Na lista de tarefas que cada mediadora leva consigo está o mapa da cobertura prevista no dia de hoje e nele tanto surgem moradas ainda não abrangidas pela teia do RADAR, como nomes de pessoas já inscritas na plataforma, sem esquecer os estabelecimentos comerciais/associativos que funcionam – ou podem vir a funcionar – como radares comunitários.

Catarina Mendes, uma das mediadoras, apresenta-se à entrada da porta de um casal idoso, ambos para lá dos 90 anos: “Somos do Projeto RADAR, da Santa Casa, Junta de Freguesia, PSP, Câmara Municipal de Lisboa e serviços de saúde, e estamos a fazer o registo de todos os moradores com estas idades para ficarem na nossa plataforma, no caso de precisarem de algum apoio”.

Os olhares iniciais de desconfiança desvanecem-se e o morador idoso aceita inscrever-se, respondendo a um pequeno inquérito sobre as suas condições de vida, apoio de familiares, questões de saúde… Esta abertura só é possível, muitas vezes, pela tranquilizadora presença da PSP.

“Sem a nossa presença as pessoas ficam mais receosas e algumas até fecham logo a porta. Até porque é essa a nossa recomendação quando falamos com eles: na dúvida, não abram a porta para não serem alvos de burlas ou outras coisas. Neste caso basta verem-nos e ficam mais descansados”, resume o agente Luís Pereira.

O trabalho continua: tocar à campainha, subir escadarias, muitas vezes em prédios antigos sem elevador, e conquistar a confiança das pessoas, oferecendo a possibilidade de ajuda de todo o tipo, desde a entrega de refeições, acompanhamento em consultas ou a simples presença de um voluntário para fazer companhia.

Todavia, do outro lado há, por vezes, momentos de resistência. Frases como “Até estou com receio de me quererem fazer tão bem!” ou “O que ganha a Santa Casa com isto?” são compreendidas pelos mediadores de proximidade, que tentam, no entanto, dar a volta à situação recorrendo à calma, transparência e simpatia.

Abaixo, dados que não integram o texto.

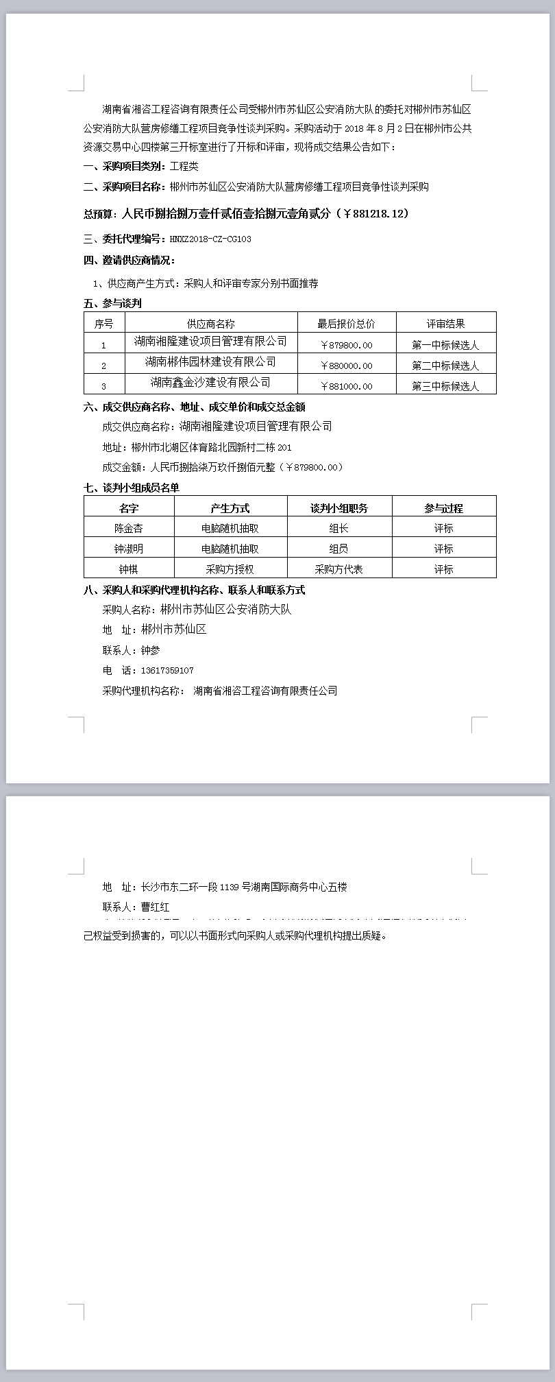 郴州市蘇仙區(qū)公安消防大隊營房修繕工程項目競爭性談判采購成交公告
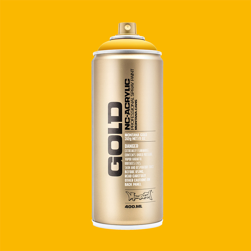 Montana Gold er en matt akrylspray med meget god dekkevne. Ideell til bilder, men også god til maling av gjenstander. Vannfast og lysekte. CFC fri og blyfri. Påse at det er god ventilasjon og bruk vernutstyr som maske og hansker.

Segue-se uma farmácia, esta já em sincronia com o projeto. Funciona como radar comunitário, reportando eventuais situações que cheguem ao conhecimento de quem está ao balcão. Hoje, felizmente, não há situações graves a reportar, mas são transmitidas informações úteis aos mediadores, particularmente sobre uma idosa inscrita na plataforma que não tem atendido o telefone. Afinal está bem e até aparece no momento certo para confraternizar com a equipa.

Um ano decisivo

2026 será um ano crítico para o Projeto RADAR. Este foi o ano definido desde o início para o término do projeto, sendo que será feita uma avaliação com todas as entidades envolvidas e dali poderão sair novidades para o futuro.

“O protocolo termina este ano e vamos avaliar o projeto nas suas diferentes dimensões, muito em particular, na dimensão da parceria colaborativa, porque só assim o RADAR faz sentido e tem viabilidade. Nenhuma das organizações que o compõem pode, por si só, garantir a sua operação. Só a Misericórdia, só a Câmara, só a PSP, só a Gebalis, só as Juntas de Freguesia, só as unidades de saúde, por si, não conseguiam pôr este projeto de pé”, aponta Mário Rui André, diretor da Unidade de Missão Santa Casa “Lisboa, Cidade Com Vida para Todas as Idades”.

As 32 entidades envolvidas no projeto definirão o futuro, no qual Mário Rui André vê o RADAR a ser expandido a outras populações vulneráveis, além dos 65+. Para tal, é fundamental construir uma consciência coletiva, porque “o RADAR não consegue chegar a todo o lado”.

“Sem cidadãos atentos e despertos para esta problemática não será possível. Essa cidadania ativa é, talvez, o último grande desafio que o Projeto RADAR deve ter e o mais difícil a médio e longo prazo. O nosso sonho é que um dia qualquer cidadão de Lisboa, de qualquer idade, saiba o que é o Projeto RADAR e como pode dar o seu contributo”, explica.

Resultados positivos

Com a “consciência de que ainda há muito para fazer”, Mário Rui André lembra que a plataforma do RADAR tem já 45 mil pessoas inscritas e que “os objetivos foram atingidos”.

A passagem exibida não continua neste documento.